RECORDS FOR THIS TASK START

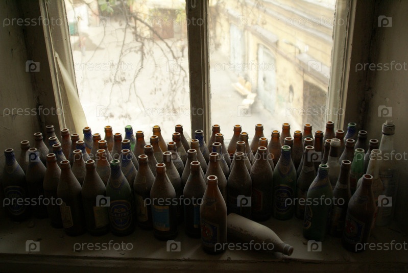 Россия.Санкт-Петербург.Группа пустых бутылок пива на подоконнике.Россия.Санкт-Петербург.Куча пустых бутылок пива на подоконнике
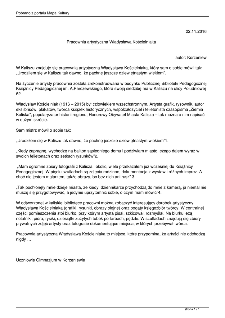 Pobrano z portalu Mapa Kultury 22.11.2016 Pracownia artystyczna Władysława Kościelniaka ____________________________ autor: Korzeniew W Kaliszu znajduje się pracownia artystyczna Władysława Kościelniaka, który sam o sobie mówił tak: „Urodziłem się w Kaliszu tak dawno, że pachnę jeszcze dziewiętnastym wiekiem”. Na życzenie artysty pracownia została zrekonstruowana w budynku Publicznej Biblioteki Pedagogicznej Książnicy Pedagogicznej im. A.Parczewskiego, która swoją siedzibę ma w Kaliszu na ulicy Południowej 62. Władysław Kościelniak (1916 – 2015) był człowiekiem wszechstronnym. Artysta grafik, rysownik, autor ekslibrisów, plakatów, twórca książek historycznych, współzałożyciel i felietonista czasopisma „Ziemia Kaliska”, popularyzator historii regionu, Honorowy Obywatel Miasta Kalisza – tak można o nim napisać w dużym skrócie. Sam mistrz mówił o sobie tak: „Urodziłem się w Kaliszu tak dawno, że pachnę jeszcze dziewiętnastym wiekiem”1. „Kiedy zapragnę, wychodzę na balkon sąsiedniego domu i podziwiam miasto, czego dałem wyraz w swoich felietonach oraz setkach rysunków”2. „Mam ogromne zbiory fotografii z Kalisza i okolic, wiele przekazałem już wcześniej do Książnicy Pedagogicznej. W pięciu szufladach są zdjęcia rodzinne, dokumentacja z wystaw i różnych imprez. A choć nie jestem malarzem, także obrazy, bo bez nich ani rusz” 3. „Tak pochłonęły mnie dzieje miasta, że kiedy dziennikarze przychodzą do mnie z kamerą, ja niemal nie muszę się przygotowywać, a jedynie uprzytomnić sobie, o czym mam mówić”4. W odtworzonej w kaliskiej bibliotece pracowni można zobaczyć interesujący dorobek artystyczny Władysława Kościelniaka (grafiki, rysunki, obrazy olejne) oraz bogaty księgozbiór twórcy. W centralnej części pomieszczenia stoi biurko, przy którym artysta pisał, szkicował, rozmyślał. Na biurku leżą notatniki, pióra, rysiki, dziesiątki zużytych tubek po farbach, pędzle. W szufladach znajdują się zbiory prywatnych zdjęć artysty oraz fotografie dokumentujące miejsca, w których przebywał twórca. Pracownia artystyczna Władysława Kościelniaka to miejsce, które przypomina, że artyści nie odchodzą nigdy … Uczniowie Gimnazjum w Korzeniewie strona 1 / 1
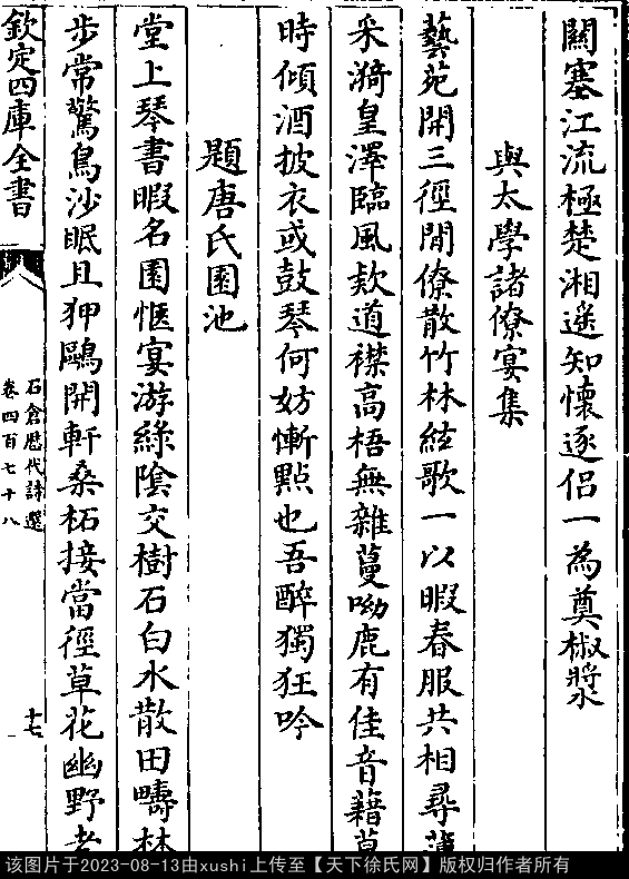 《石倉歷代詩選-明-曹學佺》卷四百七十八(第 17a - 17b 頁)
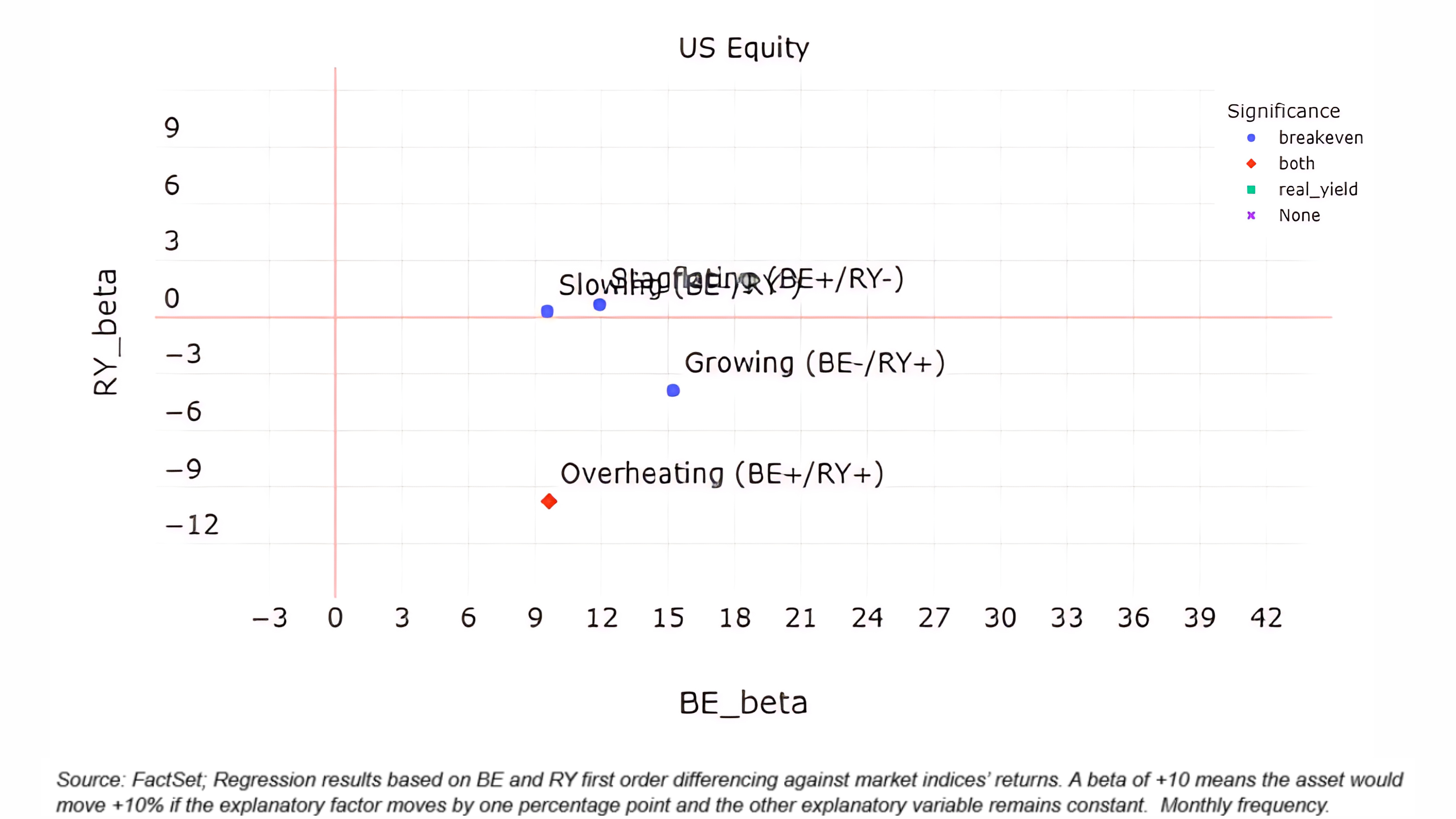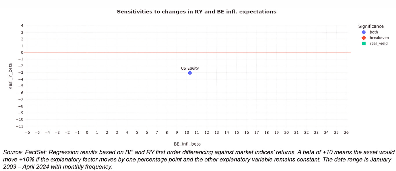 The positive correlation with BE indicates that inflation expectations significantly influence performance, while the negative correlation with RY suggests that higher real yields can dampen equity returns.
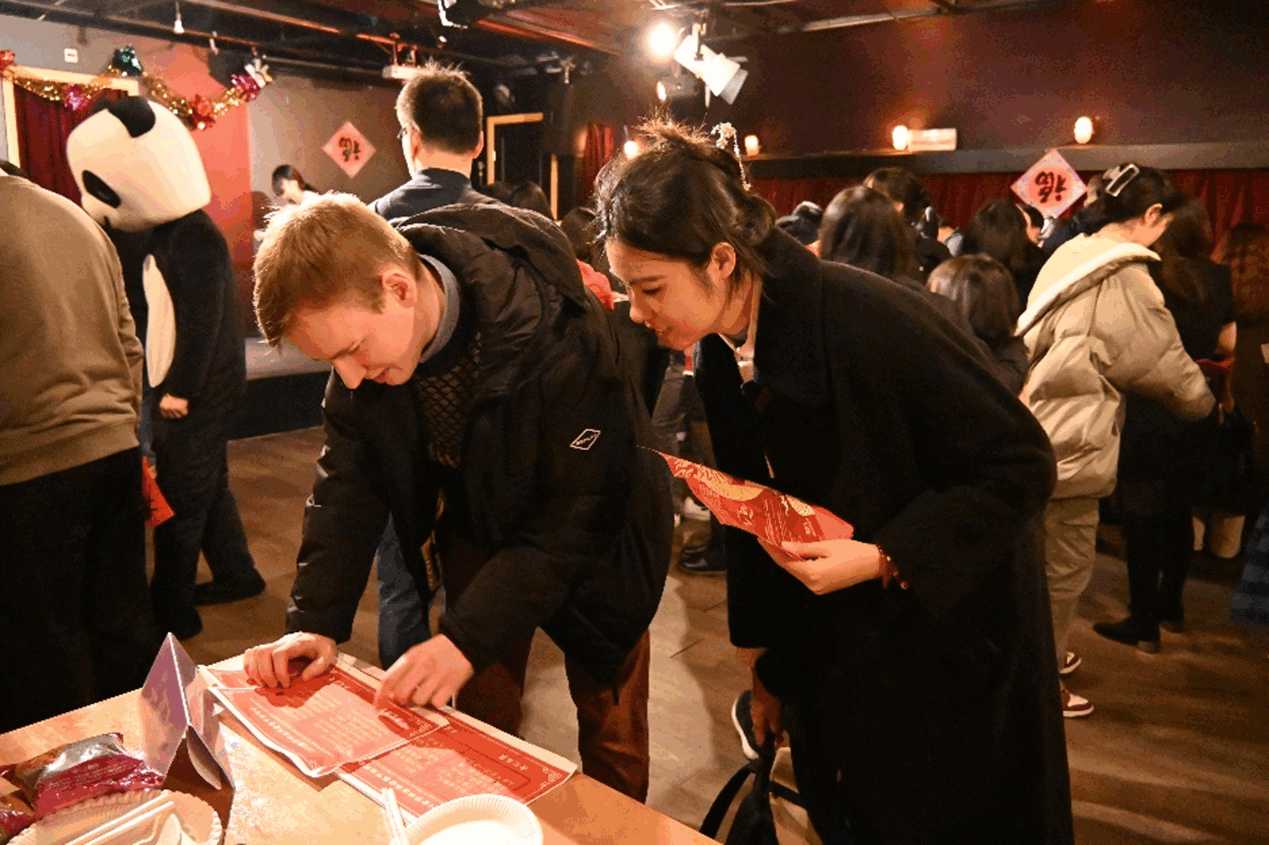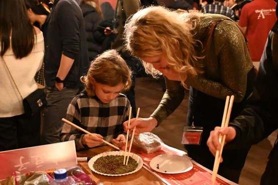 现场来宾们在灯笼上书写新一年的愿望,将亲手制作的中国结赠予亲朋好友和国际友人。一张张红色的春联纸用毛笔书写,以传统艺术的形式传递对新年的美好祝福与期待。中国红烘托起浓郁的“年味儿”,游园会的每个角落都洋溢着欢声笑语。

RECORDS FOR THIS TASK END

Please copy the data above exactly, omitting the pictures.

 Россия.Санкт-Петербург.Группа пустых бутылок пива на подоконнике.Россия.Санкт-Петербург.Куча пустых бутылок пива на подоконнике
 Pobrano z portalu Mapa Kultury 22.11.2016 Pracownia artystyczna Władysława Kościelniaka ____________________________ autor: Korzeniew W Kaliszu znajduje się pracownia artystyczna Władysława Kościelniaka, który sam o sobie mówił tak: „Urodziłem się w Kaliszu tak dawno, że pachnę jeszcze dziewiętnastym wiekiem”. Na życzenie artysty pracownia została zrekonstruowana w budynku Publicznej Biblioteki Pedagogicznej Książnicy Pedagogicznej im. A.Parczewskiego, która swoją siedzibę ma w Kaliszu na ulicy Południowej 62. Władysław Kościelniak (1916 – 2015) był człowiekiem wszechstronnym. Artysta grafik, rysownik, autor ekslibrisów, plakatów, twórca książek historycznych, współzałożyciel i felietonista czasopisma „Ziemia Kaliska”, popularyzator historii regionu, Honorowy Obywatel Miasta Kalisza – tak można o nim napisać w dużym skrócie. Sam mistrz mówił o sobie tak: „Urodziłem się w Kaliszu tak dawno, że pachnę jeszcze dziewiętnastym wiekiem”1. „Kiedy zapragnę, wychodzę na balkon sąsiedniego domu i podziwiam miasto, czego dałem wyraz w swoich felietonach oraz setkach rysunków”2. „Mam ogromne zbiory fotografii z Kalisza i okolic, wiele przekazałem już wcześniej do Książnicy Pedagogicznej. W pięciu szufladach są zdjęcia rodzinne, dokumentacja z wystaw i różnych imprez. A choć nie jestem malarzem, także obrazy, bo bez nich ani rusz” 3. „Tak pochłonęły mnie dzieje miasta, że kiedy dziennikarze przychodzą do mnie z kamerą, ja niemal nie muszę się przygotowywać, a jedynie uprzytomnić sobie, o czym mam mówić”4. W odtworzonej w kaliskiej bibliotece pracowni można zobaczyć interesujący dorobek artystyczny Władysława Kościelniaka (grafiki, rysunki, obrazy olejne) oraz bogaty księgozbiór twórcy. W centralnej części pomieszczenia stoi biurko, przy którym artysta pisał, szkicował, rozmyślał. Na biurku leżą notatniki, pióra, rysiki, dziesiątki zużytych tubek po farbach, pędzle. W szufladach znajdują się zbiory prywatnych zdjęć artysty oraz fotografie dokumentujące miejsca, w których przebywał twórca. Pracownia artystyczna Władysława Kościelniaka to miejsce, które przypomina, że artyści nie odchodzą nigdy … Uczniowie Gimnazjum w Korzeniewie strona 1 / 1
 《石倉歷代詩選-明-曹學佺》卷四百七十八(第 17a - 17b 頁)
 The positive correlation with BE indicates that inflation expectations significantly influence performance, while the negative correlation with RY suggests that higher real yields can dampen equity returns.
 现场来宾们在灯笼上书写新一年的愿望,将亲手制作的中国结赠予亲朋好友和国际友人。一张张红色的春联纸用毛笔书写,以传统艺术的形式传递对新年的美好祝福与期待。中国红烘托起浓郁的“年味儿”,游园会的每个角落都洋溢着欢声笑语。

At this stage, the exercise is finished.